# what to download disc1.iso or dvd1.iso



## kutchbhi (Oct 13, 2010)

From this page: ftp://ftp.freebsd.org/pub/FreeBSD/releases/amd64/ISO-IMAGES/8.1/

I think dvd1.iso is the safer method to download freebsd FreeBSD. but But I am on a slow connection and it will take a while to download the full 2gb dvd. disc1.iso seems nice and small at 700mb.

What all does disc1 contain? does Does it contain a simple gui to get started? if If not is it simple enough to get started from the command line? i I am familiar with Linux BTW. 

I googled but couldn't find much info about disc1.iso

Thanks


----------



## graudeejs (Oct 13, 2010)

I suggest dvd, if you can wait 
Or maybe you can download it at friends house


----------



## Nukama (Oct 13, 2010)

Hi, 

Look at paragraph "Availability" in the 
announce message, it describes the content of each image.
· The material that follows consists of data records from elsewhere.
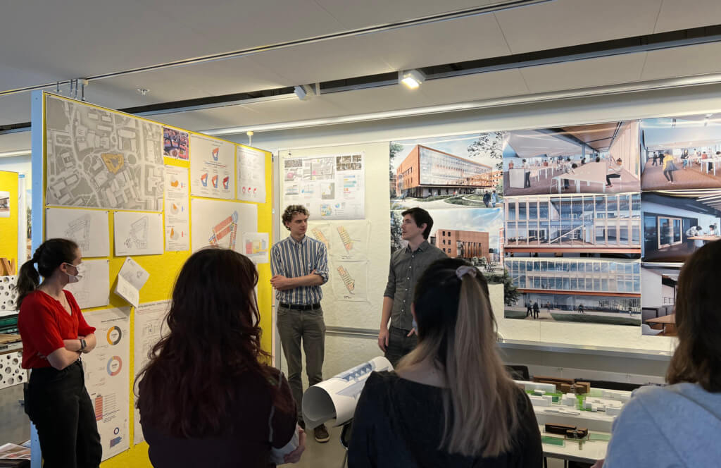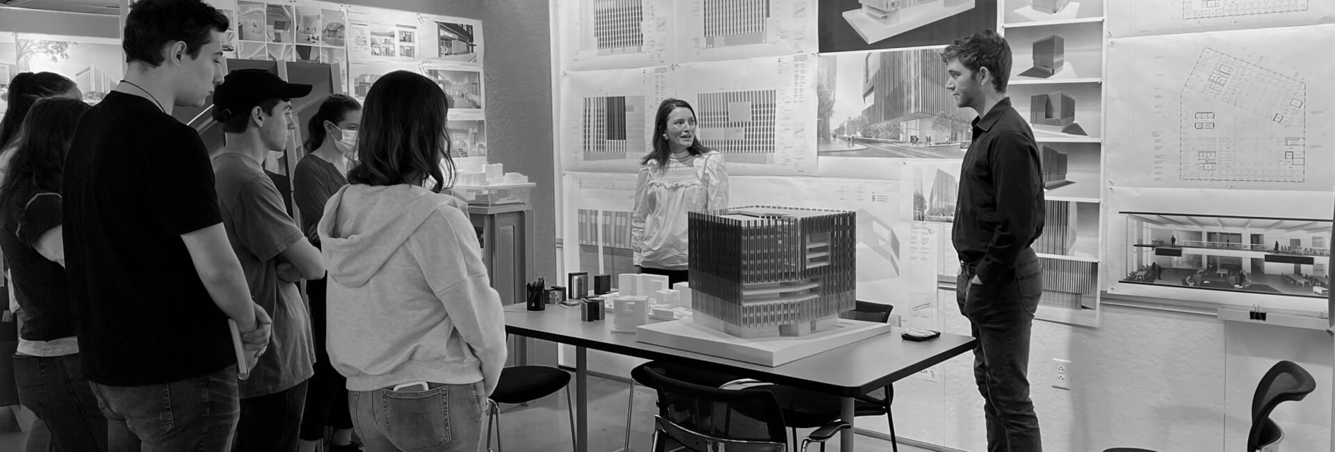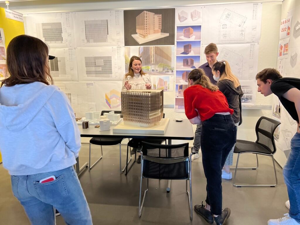 The visit began with a brief introduction to PAYETTE by Bob Schaeffner, followed by a tour of the office by Laurie Booth and Laura Zarwi. The tours stopped at alcoves to see active project work and meet with a handful of teams. The visit ended with a casual conversation with Andrea Love, where students had a chance to ask questions about building performance, active projects and the firm.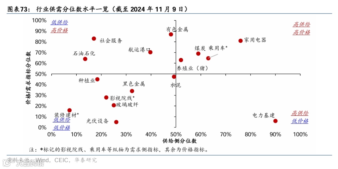 黑色金属、种植业、光伏设备、水泥和装修建材等行业所在分位数水平处于低供给、低需求区间,体现上述行业供需两侧均有所承压。通信产品、锂电池和光伏设备的价格水平仍在低位。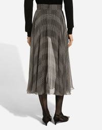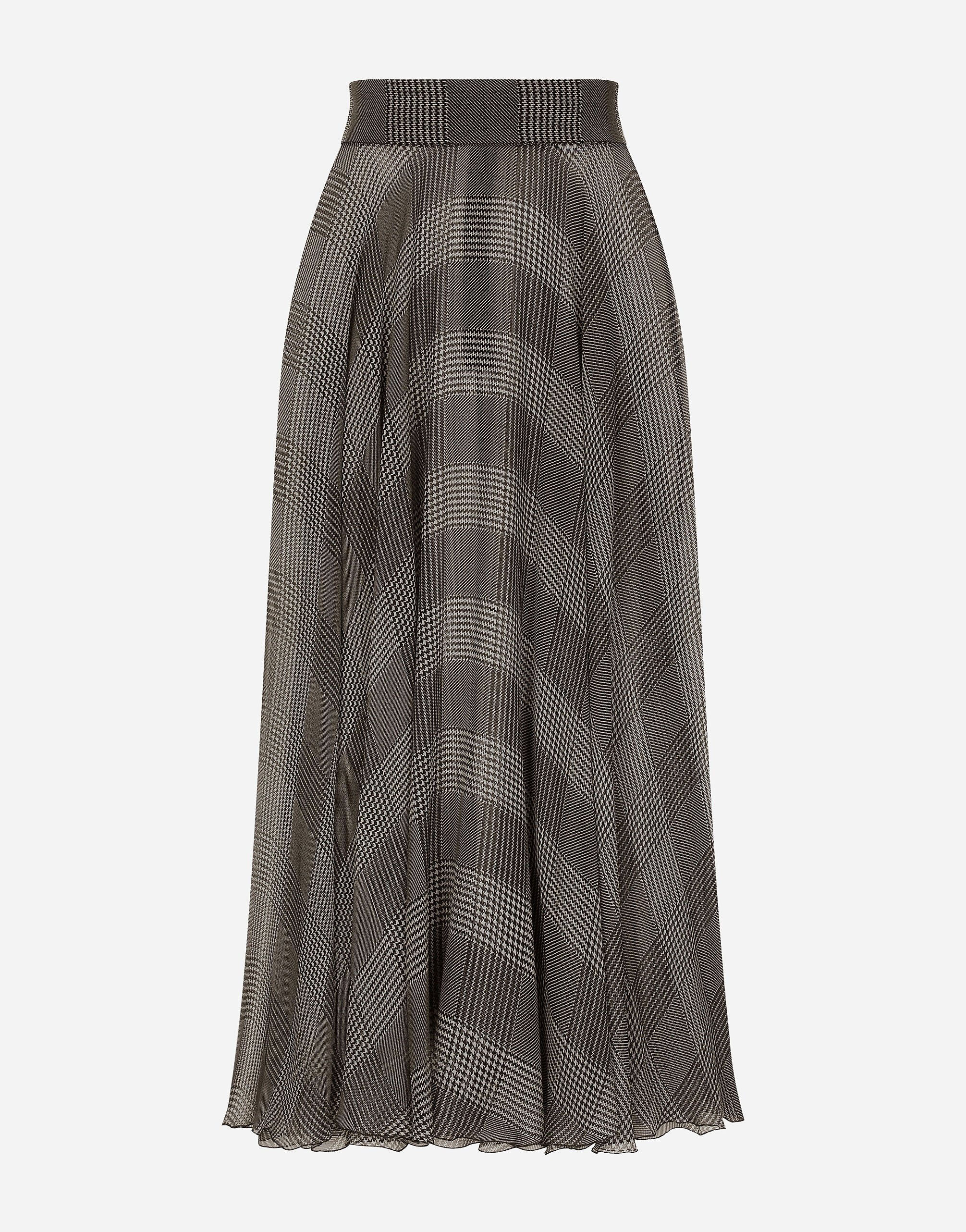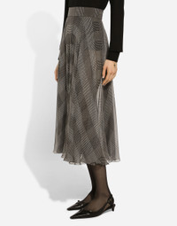 Inspired by 80s fashion photography, the Black Sicily collection masterfully blends masculine and feminine elements, pairing tailored cuts and corset details for the FW 24/25 season. A new vision of the iconic Nero Sicilia black is conveyed through contemporary and sensual looks: jackets and skirts in all-over glen plaid pair with openwork socks, while the 50s-inspired Mun shoes with Eva heel go with the houndstooth Sicily bag featuring crocodile-print leather inserts. Silk chiffon calf-length circle skirt with glen plaid print: • Gray • High-waisted • Stretch silk crepe de chine underskirt • Rear zipper and hook-and-eye fastening • The piece measures 75 cm from the waist down on a size IT 40 • The model is 175 cm tall and wears a size IT 40 • Made in Italy External composition: 100% Silk Internal composition: 91% Silk 9% Spandex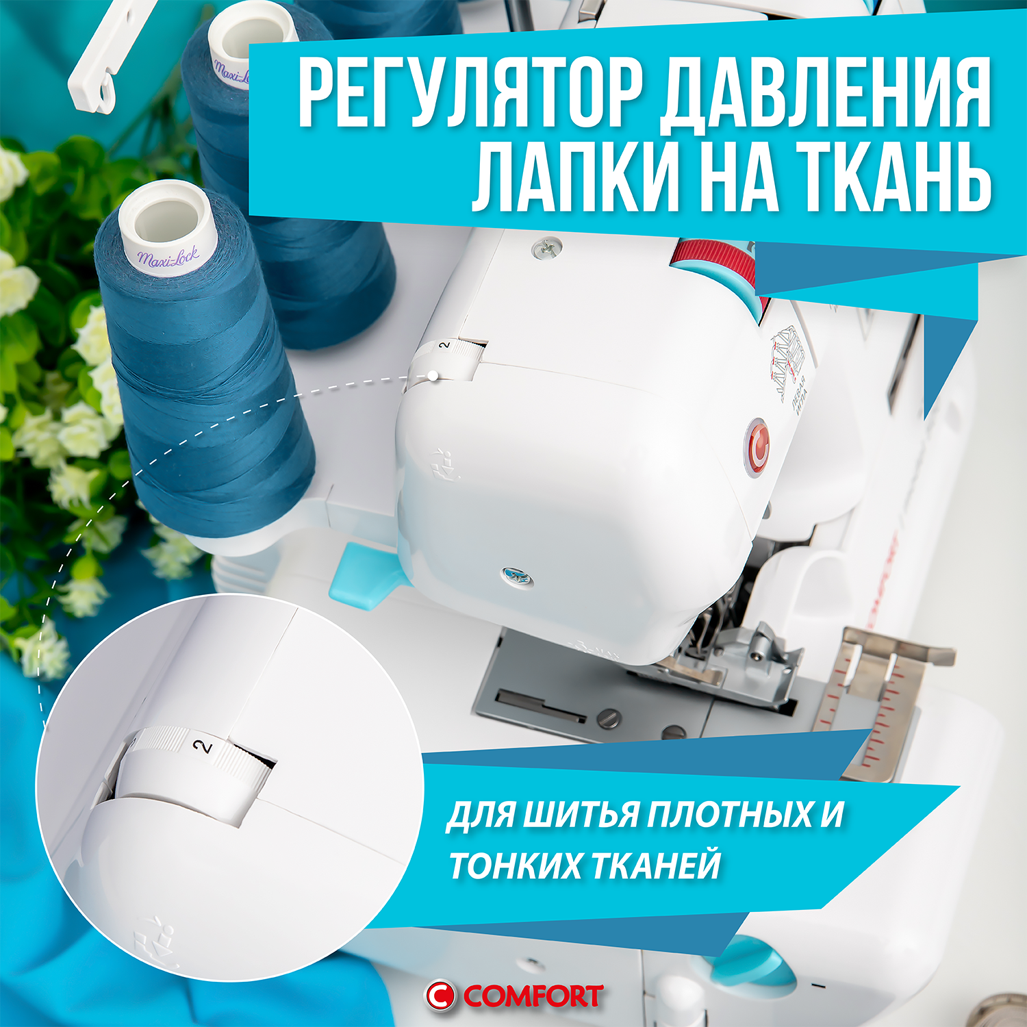 Оверлок Comfort 500, 2,3,4х ниточный, дифференциальная подача, откидная платформа интересное:

FreeBSD is installed by sysinstall (curse based), but you could also install it in Fixit-Environment (needs livefs for RootOnZFS) or install FreeBSD with the PC-BSD graphic installer.
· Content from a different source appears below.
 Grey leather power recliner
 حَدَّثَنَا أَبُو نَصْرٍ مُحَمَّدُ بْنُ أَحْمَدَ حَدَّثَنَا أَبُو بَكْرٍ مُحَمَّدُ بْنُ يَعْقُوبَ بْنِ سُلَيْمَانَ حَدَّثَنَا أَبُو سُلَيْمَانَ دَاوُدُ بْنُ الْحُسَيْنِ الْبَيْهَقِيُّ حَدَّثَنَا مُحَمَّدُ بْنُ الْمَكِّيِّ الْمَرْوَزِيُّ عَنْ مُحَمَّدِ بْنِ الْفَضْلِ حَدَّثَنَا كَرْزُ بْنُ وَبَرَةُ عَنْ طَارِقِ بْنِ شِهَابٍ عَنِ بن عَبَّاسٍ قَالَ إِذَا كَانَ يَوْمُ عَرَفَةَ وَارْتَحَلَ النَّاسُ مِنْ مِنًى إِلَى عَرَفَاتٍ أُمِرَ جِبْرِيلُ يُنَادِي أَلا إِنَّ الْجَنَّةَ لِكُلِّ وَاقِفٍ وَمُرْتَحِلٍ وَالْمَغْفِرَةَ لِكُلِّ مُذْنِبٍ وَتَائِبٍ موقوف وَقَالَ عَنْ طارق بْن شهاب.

And its easy to start of with the console. Try [CMD=""]apropos()[/CMD] and [CMD=""]man() hier[/CMD] and study the superb FreeBSD handbook first.

Also there are plenty of desktop environments and windows managers available in the ports() system or installable via `# [man]pkg_add[/man] -r program`.


----------



## kutchbhi (Oct 13, 2010)

Thanks for the replies. From what I read, I guess I can use the disc1.iso to get the GUI just fine.


----------



## jem (Oct 14, 2010)

It's more of a TUI (textual user interface) than a GUI.


----------



## Beastie (Oct 14, 2010)

jem said:
			
		

> It's more of a TUI (textual user interface) than a GUI.


All disc/DVD/pendrive images have sysinstall. But I guess kutchbhi is talking about Xorg and a WM/DE, in which case s/he is mistaken since disc1 only has documentation packages and no software packages, "GUI" or else.


----------